= Exercise objective =
Below is a listing; print exactly its lines from the one containing "O público presente" down to the one containing "West Hotel’s architectural", both inclusive, with every picture left out.

= Extracted material =
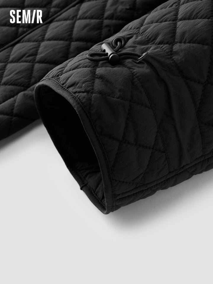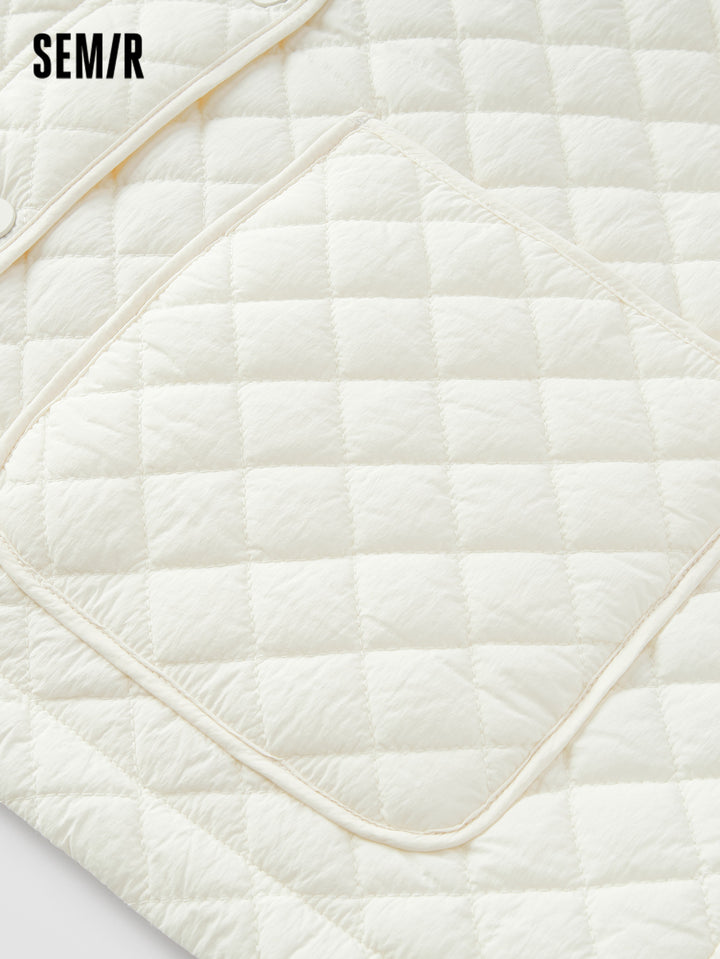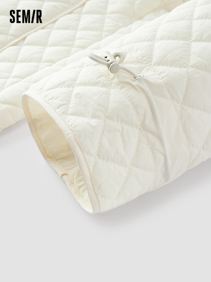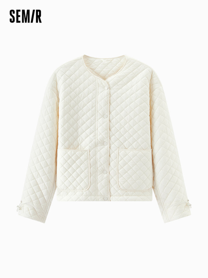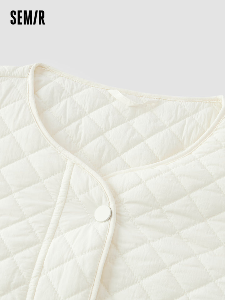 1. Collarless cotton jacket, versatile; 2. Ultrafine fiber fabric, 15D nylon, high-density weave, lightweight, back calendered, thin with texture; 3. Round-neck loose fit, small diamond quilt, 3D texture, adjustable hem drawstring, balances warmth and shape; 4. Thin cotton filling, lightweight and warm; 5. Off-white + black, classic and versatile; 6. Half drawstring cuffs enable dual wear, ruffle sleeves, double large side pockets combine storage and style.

* * *

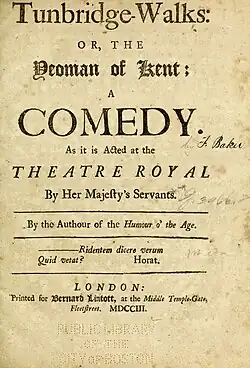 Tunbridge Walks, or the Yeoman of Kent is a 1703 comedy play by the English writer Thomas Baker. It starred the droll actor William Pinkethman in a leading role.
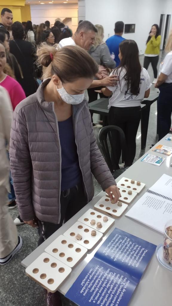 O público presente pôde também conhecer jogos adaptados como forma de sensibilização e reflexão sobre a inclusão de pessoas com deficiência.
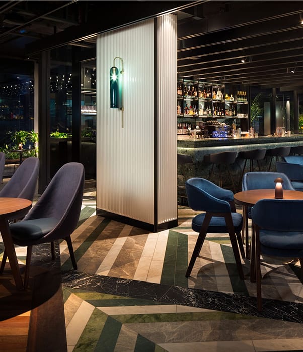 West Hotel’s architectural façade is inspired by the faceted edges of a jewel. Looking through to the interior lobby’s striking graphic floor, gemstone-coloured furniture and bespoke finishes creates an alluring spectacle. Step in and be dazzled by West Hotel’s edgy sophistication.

= Written reply =
 O público presente pôde também conhecer jogos adaptados como forma de sensibilização e reflexão sobre a inclusão de pessoas com deficiência.
 West Hotel’s architectural façade is inspired by the faceted edges of a jewel. Looking through to the interior lobby’s striking graphic floor, gemstone-coloured furniture and bespoke finishes creates an alluring spectacle. Step in and be dazzled by West Hotel’s edgy sophistication.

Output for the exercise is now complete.